Issue Two 2019
2019, Vol. 6 issue 2, (October)
Mercury content in different media related to the use of dental amalgam
All types of dental amalgams contain mercury, which partly emits mercury vapor. Dental amalgams corrode after being placed. When we rub or polish dental amalgam, droplets rich in mercury are formed on the surface, showing that mercury is not strongly bonded to the base or alloy metals.

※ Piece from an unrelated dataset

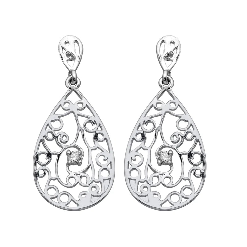 Silver 925 Rhodium Plated Teardrop Filigree Dangling Earrings

To determine the mercury content in various fluids related to the use of dental amalgam we investigated sewage samples, amalgam obturation flushing, amalgam removal flush, amalgam polishing flush, water containing residual unused new amalgam left for two weeks, and saliva of patients with more than four old amalgam obturations. We applied Atomic coupled plasma emission spectral analysis.
From our studies we can conclude that the least amount of free mercury is detected in the sewage and mouthwash when an amalgam is being placed, followed by saliva of patients with more than 4 obturations, water in which amalgam has been kept for two weeks, mouthwash when amalgam is removed, and the biggest amount of mercury is released when polishing old amalgam obturations. The most dangerous to human health is polishing old obturations, followed by removal, while the least amount of mercury is released when such obturations are placed. Our research shows that if you are a dentist, even if you do not use dental amalgam, you are exposed to mercury vapor when you are working in the mouth of a patient with this material.